By Keith Schlosser
AI ambition has outpaced enterprise readiness. In this article, Keith Schlosser explains why many business-led AI pilots are faltering and what CIOs must do next. You will learn how to replace fragmented experimentation with governed platforms, stronger architecture, and a structured recovery framework that turns unstable initiatives into scalable advantage.
Forrester’s Predictions 2026: Tech Leadership report says one in four CIOs will be asked to step in and fix failed, business-led AI projects. It’s not a hypothetical; it’s already happening.
Across industries, teams launched AI pilots without the enterprise backbone to sustain them. Many organizations didn’t have robust architectures, data governance, or even security boundaries in place before spinning up a dozen experiments. Some projects included IT input, but many didn’t—and as a result, the technical work never happened or was incomplete. What looked like innovation on paper quickly became a tangle of shadow integrations, brittle prompts, and ungoverned agents.
Now those projects are landing on the CIO’s desk with a familiar mandate: make it work—and make it safe.
From Chaos to Architecture
This isn’t the first time technology spread faster than its scaffolding. In the 1990s, departments rushed to deploy their own CRM systems. Pockets of value appeared, but the enterprise became fragmented and risky until IT stepped in to standardize and scale. The same pattern is playing out with AI.
CIOs are well positioned to stabilize what others started. The job now is to replace scattered experimentation with an architecture that provides context, control, and transparency across every AI initiative.
Why Platforms Are the Turning Point
When early AI pilots launched, there simply weren’t platforms to build on. Every team had to wire together its own stack—data pipelines, connectors, governance layers—from scratch.

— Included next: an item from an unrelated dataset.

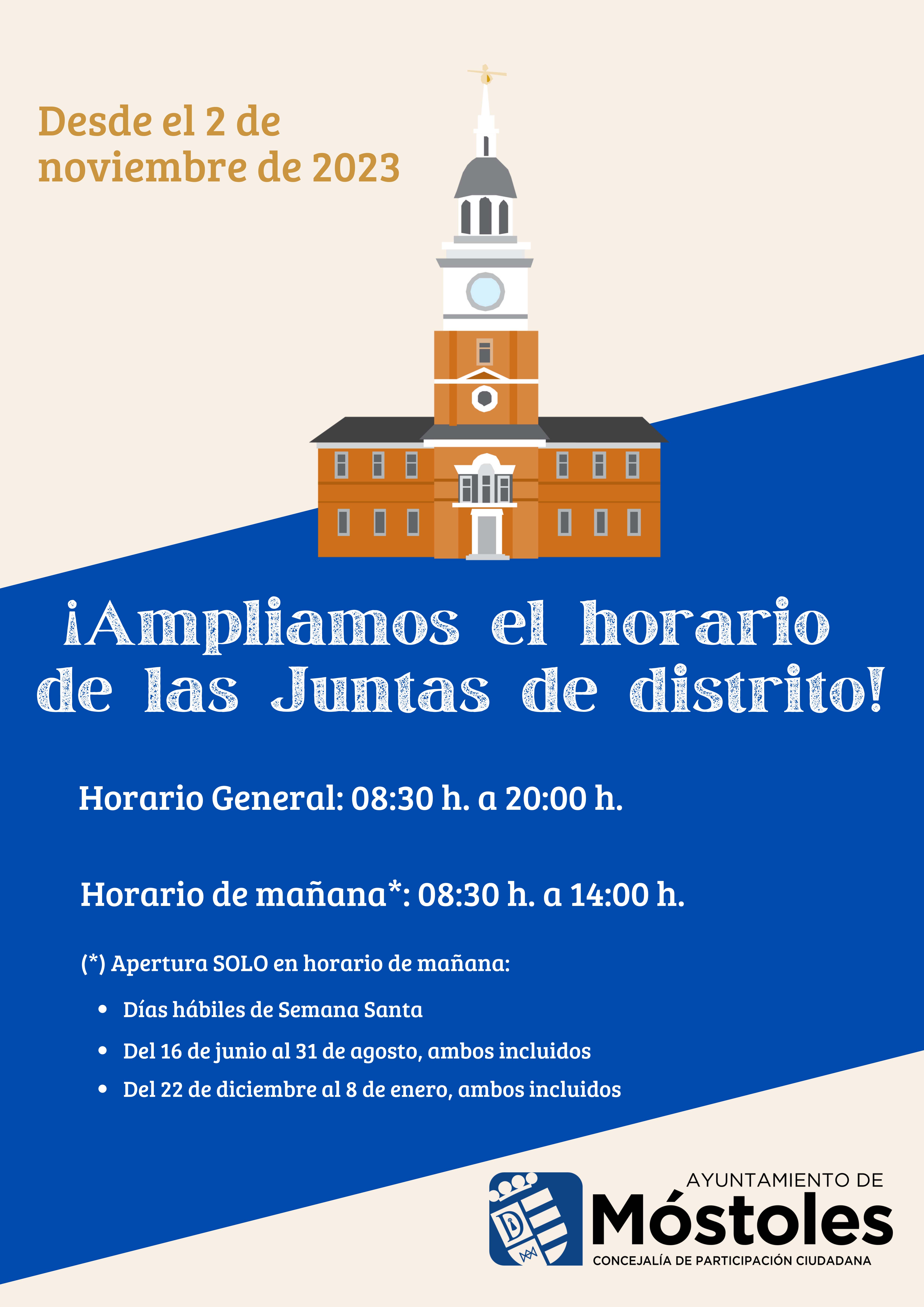 - A partir del 2 de noviembre, el horario de las Juntas de Distrito será de 8:30 h a 20:00 h, de lunes a viernes.

It was the only way to experiment, but it wasn’t sustainable.
That era is over. Purpose-built agentic AI platforms now exist to handle the heavy lifting: multi-model orchestration, observability, document preparation, and security. They let IT regain control of fragmented efforts without starting from zero.
As Eric Barroca, CEO of Vertesia, recently wrote, “Wiring stacks together isn’t innovation—it’s plumbing.” Platforms like this give CIOs the foundation for the turnaround. They’re designed to wrap existing AI efforts with guardrails—central security, evaluation harnesses, and orchestration—so CIOs can skip the plumbing and focus on what matters: getting business outcomes from the systems already in motion.
This isn’t about slowing innovation. It’s about putting it on rails. The new job of IT leadership is to bring discipline to what’s already out there using the capabilities modern platforms provide:
- Governance at scale. Centralize security, authentication, and observability across every agent and model.
- Multi-model orchestration – The ability to use, compare, and switch across models (open or proprietary) as cost, speed, or performance shift.
- Document and content preparation – Structuring long-form, multimodal content into retrievable knowledge for more accurate results from LLMs.
- Context preservation. Ensure systems can retain and apply business knowledge securely, so results are grounded in enterprise reality.
- Workflow integration – Agents that span documents, APIs, and systems to complete multi-step work.
A Practical Six-Step Rescue Framework
Most rescue efforts start out messy. Inherited agents behave inconsistently, data pipelines are brittle, and no one knows what’s in production. The framework below gives CIOs a structured way to re-establish order and move from firefighting to sustained control.
While these steps can be executed manually, modern AI platforms make much of the groundwork—monitoring, orchestration, and evaluation—faster and safer to implement.
- Triage – Benchmark every existing agent’s accuracy, cost, and reliability.
- Govern – Eliminate shadow projects, define access controls, and enforce audit trails.
- Re-ground – Improve retrieval pipelines and tool constraints to stabilize outputs.
- Route – Add model rotation and A/B testing to balance speed, cost, and compliance.
- Observe – All agent actions, outputs, and applications across all departments.
- Scale – Template what works and promote it safely from pilot to production.
What Comes Next
The fix doesn’t require ripping and replacing every project that went sideways. It requires giving IT the tools, structure, and authority to govern what’s already been built—and the clarity to advise what should continue.
AI doesn’t fail because the models are bad; it fails because the systems around them aren’t ready—and because teams are fragmented, each working on their own siloed initiatives. Now, CIOs have both the technology and the mandate to correct that.
This is more than rescue work. It’s a strategic opening for IT to reset the enterprise AI agenda—moving from scattered, business-led pilots to a governed, outcome-driven platform model. The CIOs who seize that moment won’t just stabilize AI in their organizations—they’ll define how it’s run for the next decade.